- Brief: Print the listing below exactly, images excluded.

- Exercise data:
▬▬▬

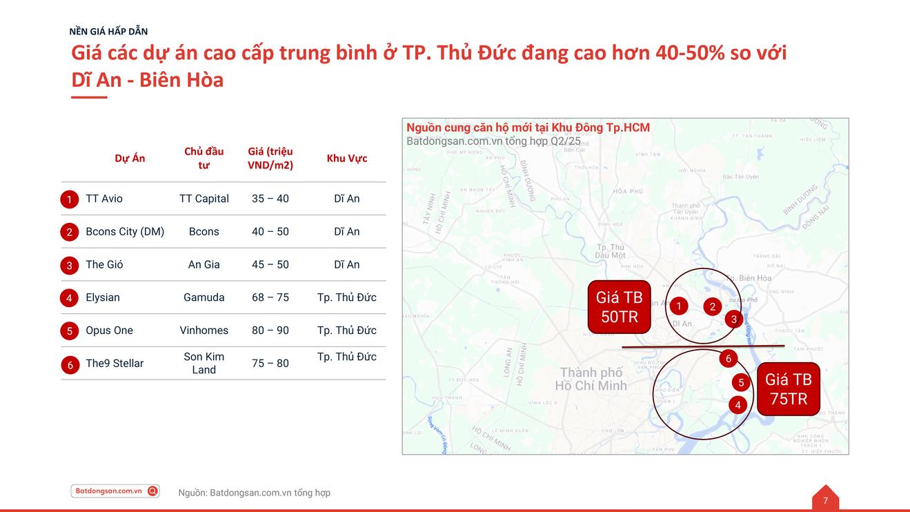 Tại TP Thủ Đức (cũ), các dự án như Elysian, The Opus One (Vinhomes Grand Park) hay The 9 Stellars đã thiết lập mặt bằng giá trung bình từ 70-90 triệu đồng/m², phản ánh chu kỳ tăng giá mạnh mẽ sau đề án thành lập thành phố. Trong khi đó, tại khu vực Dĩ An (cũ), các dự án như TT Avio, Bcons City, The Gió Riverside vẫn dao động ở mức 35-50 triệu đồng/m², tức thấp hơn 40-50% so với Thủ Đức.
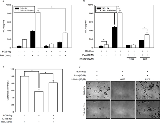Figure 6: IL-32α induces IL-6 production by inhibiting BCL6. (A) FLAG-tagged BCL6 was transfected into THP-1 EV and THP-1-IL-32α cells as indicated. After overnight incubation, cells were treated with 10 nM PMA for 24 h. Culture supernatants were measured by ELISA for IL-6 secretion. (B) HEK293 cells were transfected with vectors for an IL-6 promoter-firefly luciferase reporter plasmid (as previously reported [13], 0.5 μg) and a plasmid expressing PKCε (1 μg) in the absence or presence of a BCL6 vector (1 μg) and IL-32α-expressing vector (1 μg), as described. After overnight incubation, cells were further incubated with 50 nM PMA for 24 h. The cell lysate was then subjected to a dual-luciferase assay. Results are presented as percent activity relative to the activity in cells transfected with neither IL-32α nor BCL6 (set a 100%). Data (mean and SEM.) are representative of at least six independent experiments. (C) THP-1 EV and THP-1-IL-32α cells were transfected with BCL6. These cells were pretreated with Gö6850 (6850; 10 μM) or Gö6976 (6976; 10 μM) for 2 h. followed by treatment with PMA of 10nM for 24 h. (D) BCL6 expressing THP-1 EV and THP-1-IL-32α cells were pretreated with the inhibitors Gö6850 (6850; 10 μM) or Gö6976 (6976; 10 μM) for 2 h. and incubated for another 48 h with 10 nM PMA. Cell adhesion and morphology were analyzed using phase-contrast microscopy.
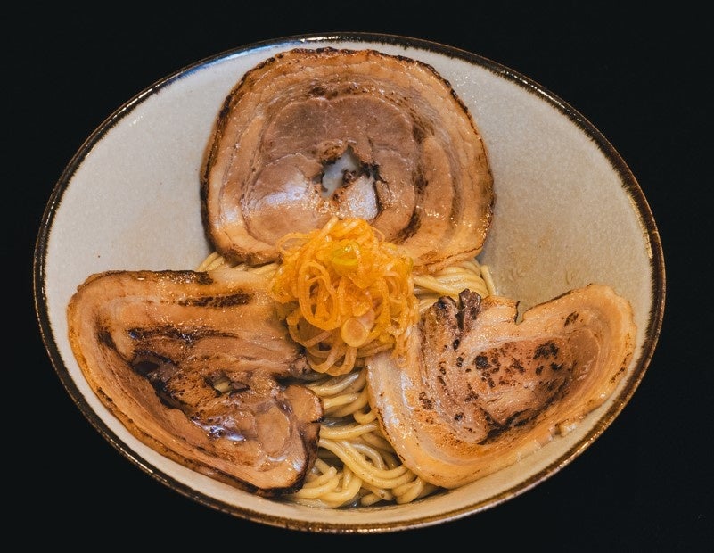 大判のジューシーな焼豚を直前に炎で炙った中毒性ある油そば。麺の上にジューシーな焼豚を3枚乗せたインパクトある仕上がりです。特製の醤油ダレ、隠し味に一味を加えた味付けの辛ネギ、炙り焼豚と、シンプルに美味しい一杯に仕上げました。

▬▬▬

- Answer to this problem:
 Tại TP Thủ Đức (cũ), các dự án như Elysian, The Opus One (Vinhomes Grand Park) hay The 9 Stellars đã thiết lập mặt bằng giá trung bình từ 70-90 triệu đồng/m², phản ánh chu kỳ tăng giá mạnh mẽ sau đề án thành lập thành phố. Trong khi đó, tại khu vực Dĩ An (cũ), các dự án như TT Avio, Bcons City, The Gió Riverside vẫn dao động ở mức 35-50 triệu đồng/m², tức thấp hơn 40-50% so với Thủ Đức.
Figure 6: IL-32α induces IL-6 production by inhibiting BCL6. (A) FLAG-tagged BCL6 was transfected into THP-1 EV and THP-1-IL-32α cells as indicated. After overnight incubation, cells were treated with 10 nM PMA for 24 h. Culture supernatants were measured by ELISA for IL-6 secretion. (B) HEK293 cells were transfected with vectors for an IL-6 promoter-firefly luciferase reporter plasmid (as previously reported [13], 0.5 μg) and a plasmid expressing PKCε (1 μg) in the absence or presence of a BCL6 vector (1 μg) and IL-32α-expressing vector (1 μg), as described. After overnight incubation, cells were further incubated with 50 nM PMA for 24 h. The cell lysate was then subjected to a dual-luciferase assay. Results are presented as percent activity relative to the activity in cells transfected with neither IL-32α nor BCL6 (set a 100%). Data (mean and SEM.) are representative of at least six independent experiments. (C) THP-1 EV and THP-1-IL-32α cells were transfected with BCL6. These cells were pretreated with Gö6850 (6850; 10 μM) or Gö6976 (6976; 10 μM) for 2 h. followed by treatment with PMA of 10nM for 24 h. (D) BCL6 expressing THP-1 EV and THP-1-IL-32α cells were pretreated with the inhibitors Gö6850 (6850; 10 μM) or Gö6976 (6976; 10 μM) for 2 h. and incubated for another 48 h with 10 nM PMA. Cell adhesion and morphology were analyzed using phase-contrast microscopy.
 大判のジューシーな焼豚を直前に炎で炙った中毒性ある油そば。麺の上にジューシーな焼豚を3枚乗せたインパクトある仕上がりです。特製の醤油ダレ、隠し味に一味を加えた味付けの辛ネギ、炙り焼豚と、シンプルに美味しい一杯に仕上げました。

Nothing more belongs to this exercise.